Le disposizioni della riforma del lavoro pubblico non sembrano aver cancellato il collegamento funzionale   tra   il   rapporto   e   l’interesse   istituzionale   della   pubblica   amministrazione all’organizzazione dei propri uffici e servizi.

In particolare viene sancito il collegamento funzionale tra gli atti organizzativi a contenuto generale attraverso i quali si estrinseca il suddetto potere di organizzazione, e le determinazioni organizzative di contenuto puntuale e specifico che, al pari degli atti inerenti alla gestione dei rapporti di lavoro, vengono a collocarsi nell’area dell’organizzazione del lavoro e in un ambito esclusivamente contrattuale.

 

La disciplina del lavoro pubblico “riformata” dal d.l. 112/08 e dalla l. 15/09

La disciplina del lavoro pubblico è tornata a formare oggetto di attenzione da parte del Governo entrato in carica nel 2008.

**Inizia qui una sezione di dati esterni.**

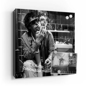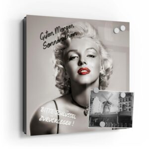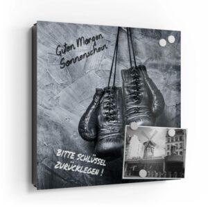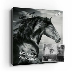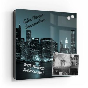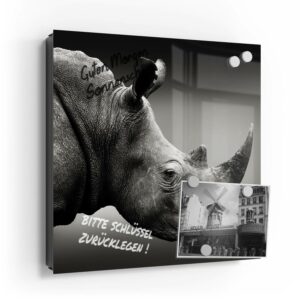 Wer kennt es nicht: Man ist in Eile und der Autoschlüssel ist nicht aufzufinden. Oder er liegt mit vielen anderen Schlüsseln lose und unschön auf der Anrichte. Mit einem Schlüsselkasten erleichterst du dir den Alltag und bringst Ordnung ins Chaos. So ist endlich Schluss mit der Sucherei und dein Flur bleibt aufgeräumt. Im Design Schlüsselkasten finden auch selten genutzte Schlüssel einen Platz und können übersichtlich aufgehängt werden. Zum praktischen Alltagshelfer wird der Schlüsselkasten, da er auch als kleines Notizbrett dient: Er kann einfach mit einem abwischbaren Marker beschrieben werden. Sehr gut sind dafür zum Beispiel Kreidemarker geeignet, mit denen du Botschaften an deine Liebsten hinterlassen kannst oder einfach wichtige Termine notierst. Die Oberfläche des Glases ist äußerst kratz- und schlagfest und damit langlebig, auch wenn der Kasten täglich genutzt wird. Das Glas wird mit einer hochwertig bedruckten Folie versehen, die farbecht ist. Fotos und Kunstwerke wirken damit immer gestochen scharf und durch die Glasoberfläche schon fast dreidimensional. Somit wird der Schlüsselkasten selbst zum Designobjekt.
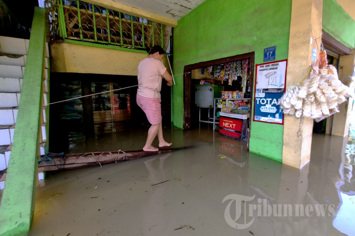 Pemilik rumah menggunakaan kayu untuk melintas ke warungnya yang terendam banjir, di Kampung Bojongasih, Desa/Kecamatan Dayeuhkolot, Kabupaten Bandung, Kamis (21/11/2024). Kampung Bojongasih sudah dua hari terendam banjir akibat meluapnya air dari Sungai Citarum setelah hujan mengguyur Bandung secara merata dalam durasi yang lama. Banjir juga merendam Jalan Raya Dayeuhkolot yang berdampak menghambat aktivitas warga. (TRIBUN JABAR/GANI KURNIAWAN)

Il primo intervento è costituito dal D.L. 25 giugno 2008, n. 112, con cui si opera una consistente riduzione della spesa pubblica e s’introducono alcune importanti novità in materia di lavoro pubblico soprattutto in tema di reclutamento, di alcuni istituti del rapporto di lavoro e di relazioni sindacali.

Per quanto concerne il primo aspetto, sono stati fissati limiti percentuali assai restrittivi alle assunzioni (riducendosi significativamente, in tal modo, il turnover); si è previsto che tutte le pp.aa. debbano procedere ad una ridefinizione dei propri assetti organizzativi, attraverso la riduzione delle dotazioni organiche del personale di qualifica dirigenziale e non dirigenziale.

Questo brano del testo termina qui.